For questions and issues:
- Open an issue on GitHub
- Check the example notebooks in the repository
- Review the docstrings 

## Potential Features
- Performance improvement for multiple models by parallelizing API calls across models, not just within models
- Enhanced validation metrics and visualizations (IN PROGRESS, recommendations welcome!)
    - Improved inter-rater reliability visualizations
    - Item evaluation metrics and visualizations 
- Dawid-Skene item ground truth estimation with and without LLM annotators (NOT STARTED)
- Updated score_items to use the Dawid-Skene estimated ground truth (NOT STARTED)
- Update Dawid-Skene methods to generate multiple runs to examine stability (for now, we recommend examining variance independently over multiple seeds)
- Support for multiple concepts simultaneously (NOT STARTED)

# Previous Updates (see CHANGELOG.md for all)
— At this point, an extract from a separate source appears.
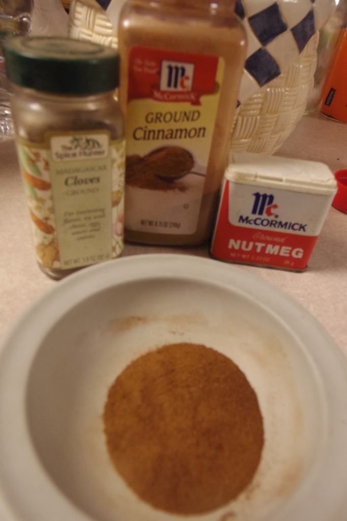I looked on line to see if I could substitute something for the allspice. The internet can be a great cookbook so… substitutions? What I found was… to make a teaspoon’s worth of an allspice substitute, combine half a teaspoon of ground ginger, half a teaspoon of cinnamon, and a dash of nutmeg. The second-choice substitute would be to replace the allspice with pumpkin pie spice, which is a combination of ginger, cinnamon, nutmeg, and allspice.

## [1.0.0] - 2026-04-16 - 'Summer Body'
### Added
- **Safer Saving Logic**: Instead of using pickles, `pairadigm` now saves and loads data using individual parquet files, which are more robust and efficient. This also means that `pairadigm` objects are now much smaller and faster to load. It also saves the instance construction parameters in a `metadata.json` file, which is used to reconstruct the object when loading.
- **LLM API Cost Estimation**: Added `estimate_costs()` method to calculate token/cost usage via `tiktoken`.
- **Client Addition Workflows**: Incrementally process new LLM clients added to an existing dataset.
- **Dawid-Skene Enhancements**: Return confusion matrices alongside ranking metrics; warnings for 3-class ties.

### Updated
- **Unified Breakdowns**: Consolidated breakdown generation into a single robust `generate_breakdowns()` method.
- **Module-Level Ordinal Logic**: Multi-annotator ordinal evaluations moved to the module level.
- **Documentation**: Overhauled `core.py` docstrings with full researcher-friendly examples.

### Fixed
- Assorted data constraints, duplicate `kwargs`, and sparse dataset bugs across the AltTest and validation components.